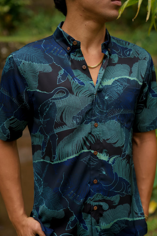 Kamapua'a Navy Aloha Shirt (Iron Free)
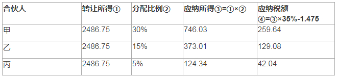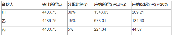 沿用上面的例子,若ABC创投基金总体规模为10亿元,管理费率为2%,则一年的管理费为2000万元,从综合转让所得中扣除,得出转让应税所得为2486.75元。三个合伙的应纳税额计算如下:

* * *

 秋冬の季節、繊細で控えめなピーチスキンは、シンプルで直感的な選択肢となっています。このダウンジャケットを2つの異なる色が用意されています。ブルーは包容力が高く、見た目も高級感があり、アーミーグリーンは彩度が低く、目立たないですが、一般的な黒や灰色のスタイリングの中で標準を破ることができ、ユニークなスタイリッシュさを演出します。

_Exercise prompt_
Above are the records; copy from them only the lines starting at the one containing "Kamapua'a Navy Aloha Shirt (Iron Free)" and ending at the one containing "沿用上面的例子,若ABC创投", exactly and without pictures.

_Exercise response_
 Kamapua'a Navy Aloha Shirt (Iron Free)
 沿用上面的例子,若ABC创投基金总体规模为10亿元,管理费率为2%,则一年的管理费为2000万元,从综合转让所得中扣除,得出转让应税所得为2486.75元。三个合伙的应纳税额计算如下:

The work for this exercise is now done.